Example Data: Example data may be generated for public demonstrations once it has been deidentified using deidentification.
Training of AI models: Models may be trained from this data (with some caveats) to permit deployment on real data that may be used for a variety of use cases that Tenasol also performs.
Other Deidentification NLP Rules
Note that this is just a summary of a few of the approaches that Tenasol takes and is not the complete picture. Please review HIPAA deidentification rules in detail if you are interested in performing your own medical record deidentification NLP.
Conclusion
Medical record deidentification NLP is crucial for safeguarding patient privacy and maintaining compliance with HIPAA regulations. Tenasol employs a robust approach that integrates structured data extraction and deidentification while adhering to the Safe Harbor principles. By leveraging advanced tools, rules, and metadata analysis, Tenasol ensures accurate and consistent data handling. For sensitive fields like filenames, hashing techniques, such as SHA256 with added random values, provide further protection.

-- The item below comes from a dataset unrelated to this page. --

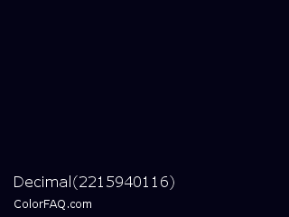 Decimal 2215940116 Color is a almost black indigo color and the nearest color is Jaguar #080110. Hex code #040316 and RGB value is rgb(4,3,22). In RGB color space, this color is composed of 2% red, 1% green, 9% blue, In CMYK color space, this color is composed of 82% cyan, 86% magenta, 0% yellow , 91% black , In HSL color space, this color has a hue angle of 243° , 76% saturation and 5% lightness.

While structured data can be reliably deidentified, unstructured data presents inherent challenges, reinforcing the importance of meticulous extraction and transformation. The penalties for improper deidentification underscore the need for precision and expertise. Tenasol’s pipeline exemplifies a secure, compliant method of deidentification, balancing privacy with functionality. As deidentification is a complex process, organizations must carefully design workflows, consult HIPAA regulations, and, where necessary, seek expert input to achieve the desired low-risk standard of privacy protection.